Macrophages, as an important component of the host defense system, play an important role in tissue destruction and bone resorption. They are also closely associated with the development of periodontitis. As resident cells or monocyte-derived cells recruited after inflammation, phagocytic capacity of macrophages is a key factor in the development of acquired immunity [62]. Macrophages have a high degree of cellular plasticity and are able to respond to different environmental signals. Upon activation, macrophages can differentiate into M1 (classical) or M2 (alternative) phenotype. M1 type has a pro-inflammatory effect manifested by increased secretion of inflammatory cytokines such as TNF-α, MMP-9, IL-6 and MCP1. iNOS is an M1 type macrophage marker. Under the stimulation of inflammatory cytokines such as TNF-α, IL-6 and IL-1β, the body can express iNOS, which can catalyze the synthesis of a large amount of nitric oxide. NO exacerbates autoimmune tissue damage by stimulating the inflammatory response of macrophages and promoting inflammation or cytotoxicity in peripheral cells [63].

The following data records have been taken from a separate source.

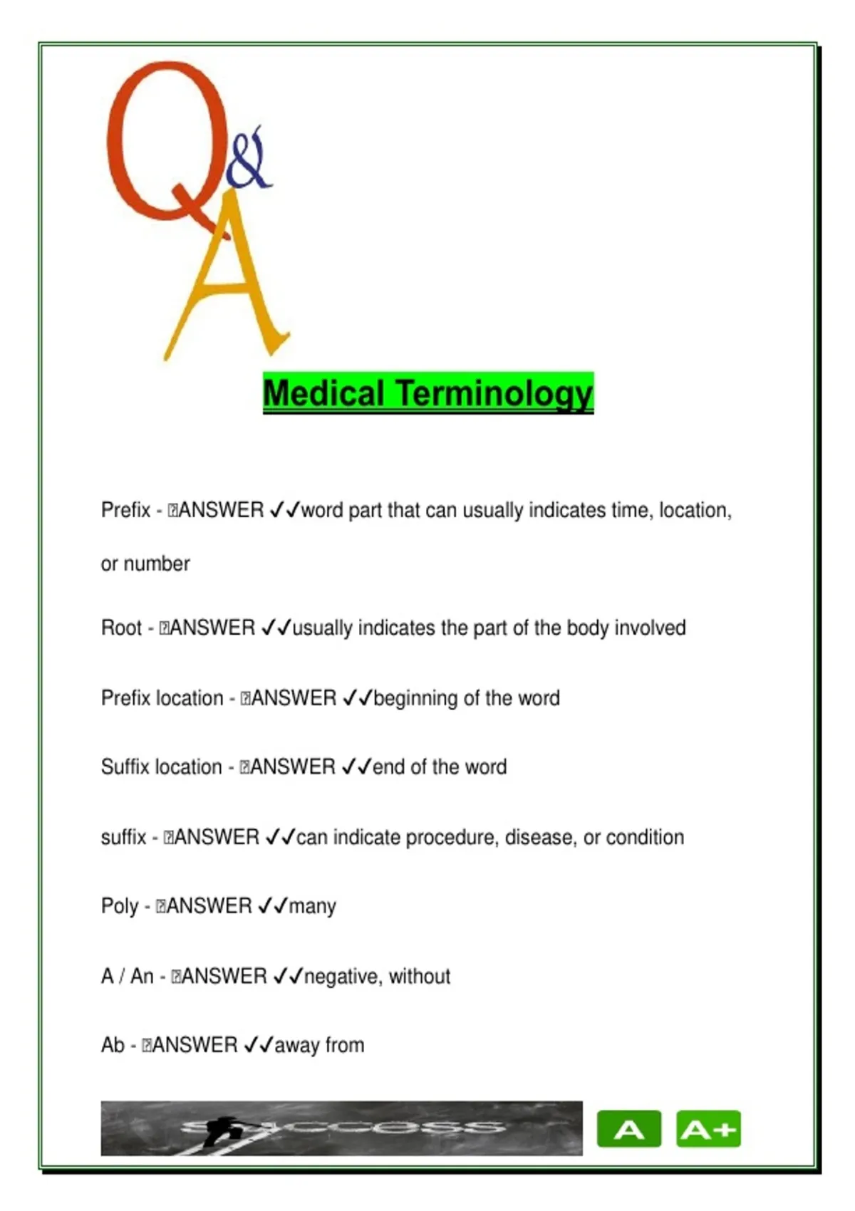 Root - 🧠ANSWER ✔✔usually indicates the part of the body involved
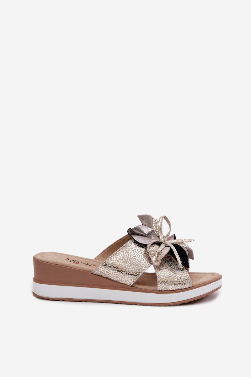 Nahksussid platvormiga dekoratiivse lillekese S.Barski GR61-5989 kuldse värvi
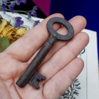 Antiga e com marcas naturais do tempo e de uso. De ferro, esta chave é sem dúvida uma peça carregada de história, e terá uma utilização muito especial nas mãos do praticante de Magia que sabe lidar com este tipo de instrumento.
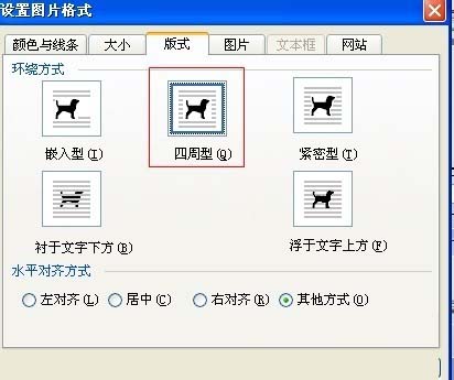 7、在弹出的选框中,我们选择版式,会看到有几种环绕的方式,我们点击四周型
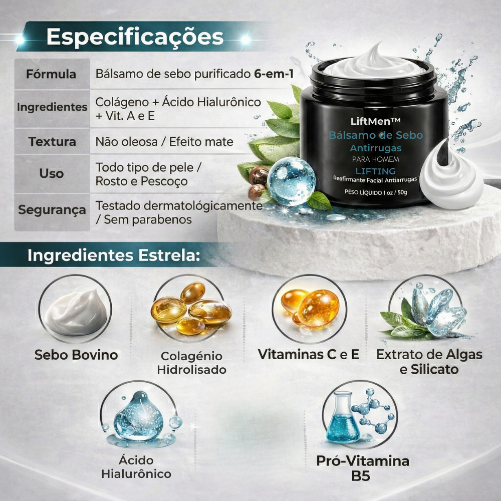 O sebo bovino (tallow) é incrivelmente compatível com a estrutura da nossa pele a nível celular. Ao contrário dos cremes comerciais cheios de químicos, o LiftMen™ fornece vitaminas A, D, E e K de forma natural, proporcionando uma hidratação profunda que as fórmulas sintéticas não conseguem imitar.
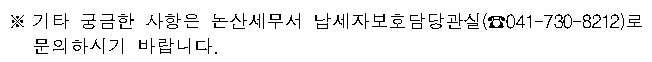 기타 궁금한 사항은 논산세무서 납세자보호담당관실(☎041-730-8212)로 문의하시기 바랍니다.

In this study, we used P.g-LPS induced macrophages to construct periodontitis model in vitro, and observed the effect of baicalein on periodontitis cell model. Immunofluorescence results showed baicalein down-regulated the expression of iNOS, which indicated the reduction of M1 macrophages. RT-qPCR and ELISA results showed the expression of MMP-9, TNF-α, IL-6 and MCP1 were all significantly reduced both at the mRNA level and the protein level. Through cellular experiments, we could find that 10, 1, and 0.1 µM baicalein inhibited the expression of pro-inflammatory factors and the polarization toward M1 type without affecting macrophage viability, and significantly reduced P.g-LPS induced cellular inflammation.

Conclusion

In this study, through an in-depth analysis of the pharmacological mechanism of baicalein by combining network pharmacology with molecular docking, we found that baicalein acts on multiple targets and proteins of multiple signaling pathways, intervenes inflammation and delays the progression of periodontitis. In vitro cellular assays further confirmed the inhibitory effect of baicalein on the secretion of inflammatory cytokines in LPS-activated THP-1 cells. In the follow-up study, we plan to design in vivo animal pharmacological experiments to make an in-depth observation on the mechanism of baicalein in treating periodontitis and to provide more references for its clinical application and development.